WHAT YOU NEED TO DO: Set down, please, exactly the lines below that run from the line with "Chalkari Kalan village" to the line with "그는 한 손으로는 촬영을", both lines included.
------ PROVIDED RECORDS
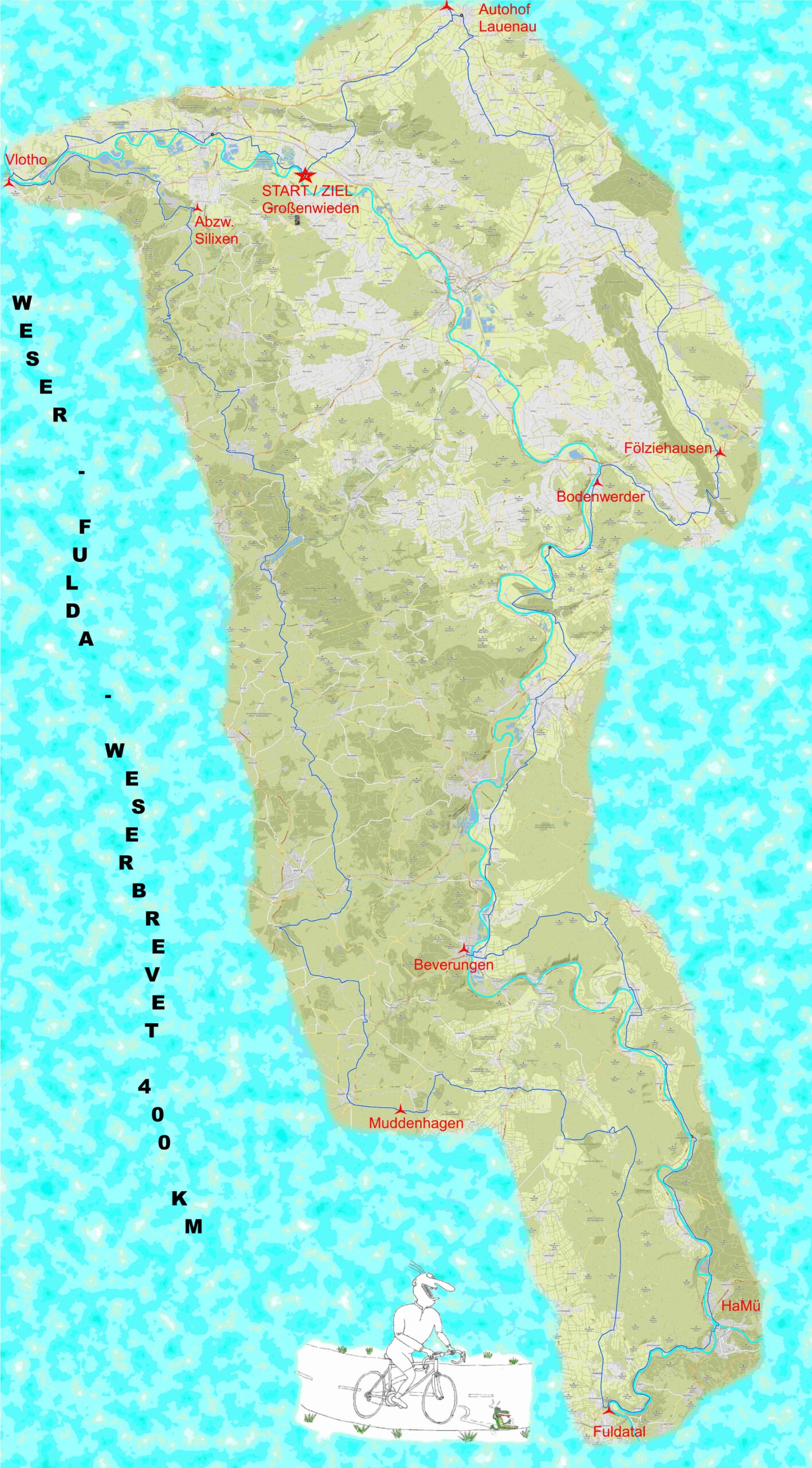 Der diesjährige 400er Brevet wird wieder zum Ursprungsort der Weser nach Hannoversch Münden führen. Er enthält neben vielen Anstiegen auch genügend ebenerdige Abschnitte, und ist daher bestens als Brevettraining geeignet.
------------
------ PROVIDED RECORDS
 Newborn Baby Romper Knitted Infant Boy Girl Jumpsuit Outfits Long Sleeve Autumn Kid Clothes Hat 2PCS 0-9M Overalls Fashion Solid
------------
------ PROVIDED RECORDS
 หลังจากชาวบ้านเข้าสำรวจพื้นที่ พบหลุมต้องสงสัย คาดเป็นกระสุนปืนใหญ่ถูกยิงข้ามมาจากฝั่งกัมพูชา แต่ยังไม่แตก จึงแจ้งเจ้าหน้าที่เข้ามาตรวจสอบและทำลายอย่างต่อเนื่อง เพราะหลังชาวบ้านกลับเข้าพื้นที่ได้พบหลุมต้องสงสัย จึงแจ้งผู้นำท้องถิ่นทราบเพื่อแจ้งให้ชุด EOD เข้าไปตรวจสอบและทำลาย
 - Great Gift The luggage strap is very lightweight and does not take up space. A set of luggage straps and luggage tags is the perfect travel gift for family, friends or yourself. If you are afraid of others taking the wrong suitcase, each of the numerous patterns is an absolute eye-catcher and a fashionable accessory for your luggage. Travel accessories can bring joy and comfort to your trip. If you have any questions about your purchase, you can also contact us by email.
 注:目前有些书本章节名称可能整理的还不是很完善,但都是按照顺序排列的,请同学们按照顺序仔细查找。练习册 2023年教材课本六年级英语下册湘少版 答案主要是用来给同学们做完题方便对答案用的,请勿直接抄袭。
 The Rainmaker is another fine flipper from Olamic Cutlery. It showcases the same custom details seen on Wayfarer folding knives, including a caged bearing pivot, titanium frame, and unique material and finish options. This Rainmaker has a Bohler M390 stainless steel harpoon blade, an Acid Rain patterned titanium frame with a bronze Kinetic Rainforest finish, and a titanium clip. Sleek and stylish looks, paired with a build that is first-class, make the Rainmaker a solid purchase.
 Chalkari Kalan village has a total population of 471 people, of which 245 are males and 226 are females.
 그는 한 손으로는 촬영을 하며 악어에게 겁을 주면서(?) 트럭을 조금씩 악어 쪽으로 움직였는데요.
------------
EXERCISE SOLUTION:
 Chalkari Kalan village has a total population of 471 people, of which 245 are males and 226 are females.
 그는 한 손으로는 촬영을 하며 악어에게 겁을 주면서(?) 트럭을 조금씩 악어 쪽으로 움직였는데요.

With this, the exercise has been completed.